[What you are asked to do] The material below holds the lines to copy: from the one with "近年来,东阳市积极开展健身气" up to and including the one with "분석 대상 앱은 Bunny". Copy them exactly and skip the pictures.

[Supplied data]
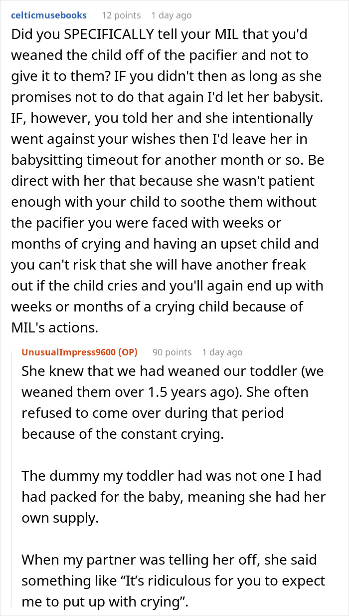 What further annoyed netizens was that the mother-in-law never really shared the real reason why the kid was crying so much that she had to give them a pacifier. OP claimed that both her children are pretty chill and don’t really throw a fit. Even when she tried to understand the reason, the woman kept giving vague replies.
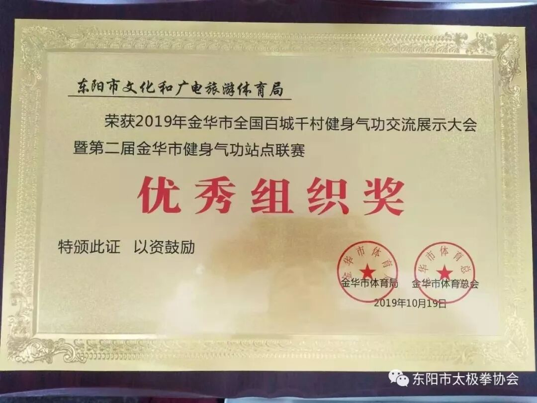 近年来,东阳市积极开展健身气功活动,通过“进学校、进机关、进企业、进社区、进农村”等卓有成效的“五进”工作,正确引导、培育发展了一大批健身气功习练爱好者,使健身气功在大众的影响力与日俱增,这一凸显中华民族哲学和气韵、简单易学且极具养生效果的项目,已在东阳各地开花结果,成为群众日常健身活动中不可或缺的一部分。目前,全市已建立7个健身气功站点。本次活动中,50名运动员代表东阳市参加了“八段锦”方阵的展示演练,东阳市文广旅体局荣获优秀组织奖。
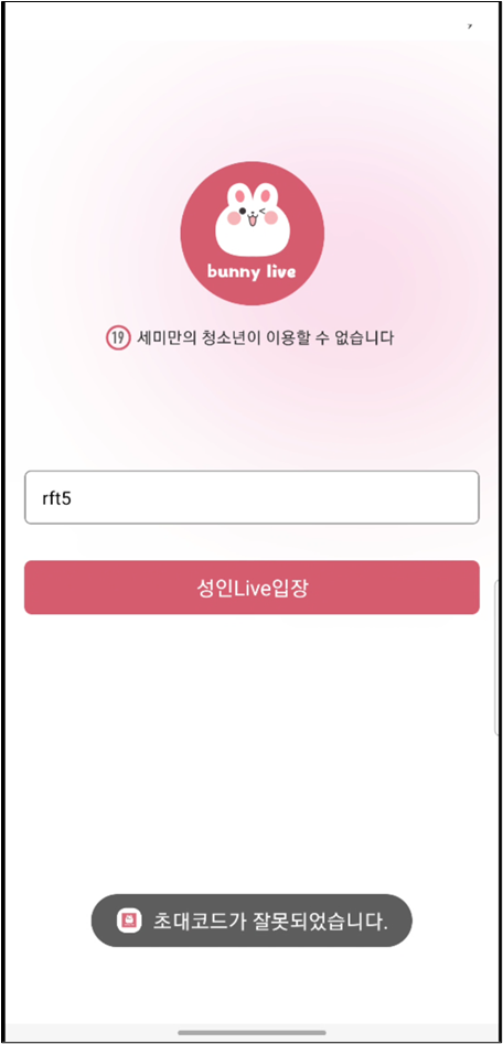 분석 대상 앱은 Bunny 앱이다. 분석을 수행한 앱중 가장 쉽게 초대 코드를 우회할 수 있었다.
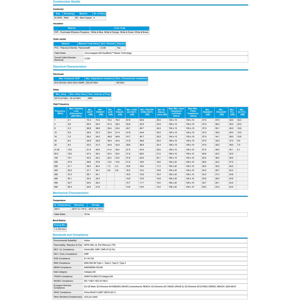 In addition to being fully compliant with TIA standards for Category 6A cables, the cable has attained the EU's Restriction on Hazardous Substance (RoHS) and Registration, Evaluation, Authorization and Restriction of Chemicals (REACH) compliance. The cable conforms to relevant Conformité Européenne (CE), Underwriters Laboratories (UL) and Institute of Electrical and Electronics Engineers (IEEE) standards.
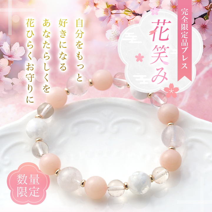 このブレスレットを身に着けて、毎日を素敵な笑顔で過ごすことができるように、自分らしい美しさを手に入れることができるようにという願いを込めました。
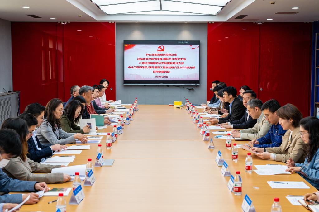 北航新闻网4月15日电(通讯员 王凌沛/文 姜海洋/摄影)4月13日,外交部政策规划司党总支书记、司长苗得雨一行来校,与我校研究生院党支部、国际合作部党支部、计算机学院新技术实验室教师党支部、英国上市公司365/国际通用工程学院研究生2022级支部党员代表开展联学联建活动。校党委副书记程波,校长助理、研究生院常务副院长赵巍胜等出席并参加活动。此次活动也是双方开展学习贯彻习近平新时代中国特色社会主义思想主题教育的一次理论学习和调查研究实践。
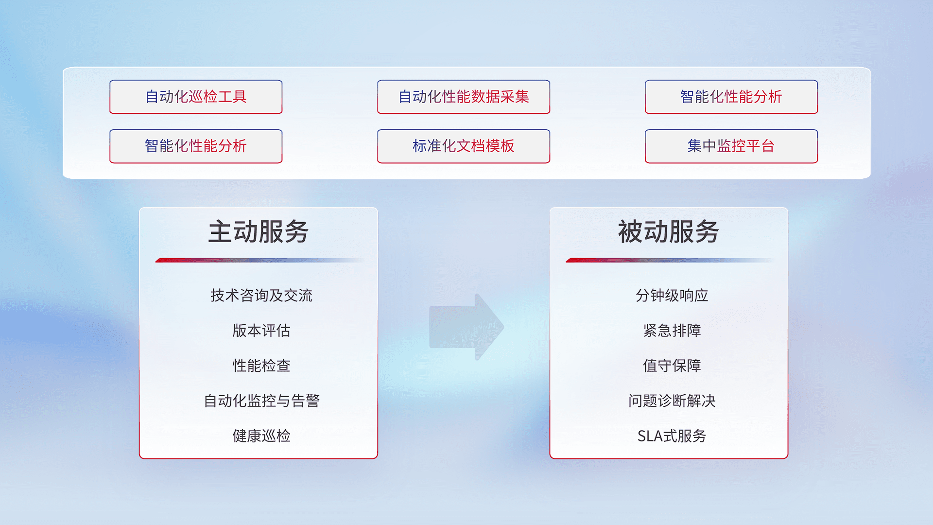 智能化工具和标准化文档,,保障服务质量,,提供主动服务(包含技术咨询、、、、版本评估、、、性能检查、、、、自动化监控与告警、、、、健康巡检)和被动服务包含(分钟级响应、、、紧急排障、、、、值守保障、、、、问题诊断解决、、、SLA服务)。。
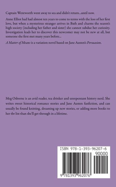 Captain Wentworth went away to sea and didn't return...until now. Anne Elliot had had almost ten years to come to terms with the loss of her first love, but when a mysterious stranger arrives in Bath and charms the season's high society (including her father and sister) she cannot subdue her curiosity. Investigation leads her to discover this newcomer may not be new at all, but someone she first met many years before... A Matter of Means is a variation novel based on Jane Austen's Persuasion.
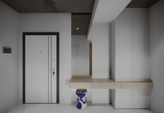 1.门厅:黑白门 + 木搁板超有设计感,蓝奶油色陶瓷凳直接封神!像个小签名,预告里面全是惊喜~

[Response to the exercise]
 近年来,东阳市积极开展健身气功活动,通过“进学校、进机关、进企业、进社区、进农村”等卓有成效的“五进”工作,正确引导、培育发展了一大批健身气功习练爱好者,使健身气功在大众的影响力与日俱增,这一凸显中华民族哲学和气韵、简单易学且极具养生效果的项目,已在东阳各地开花结果,成为群众日常健身活动中不可或缺的一部分。目前,全市已建立7个健身气功站点。本次活动中,50名运动员代表东阳市参加了“八段锦”方阵的展示演练,东阳市文广旅体局荣获优秀组织奖。
 분석 대상 앱은 Bunny 앱이다. 분석을 수행한 앱중 가장 쉽게 초대 코드를 우회할 수 있었다.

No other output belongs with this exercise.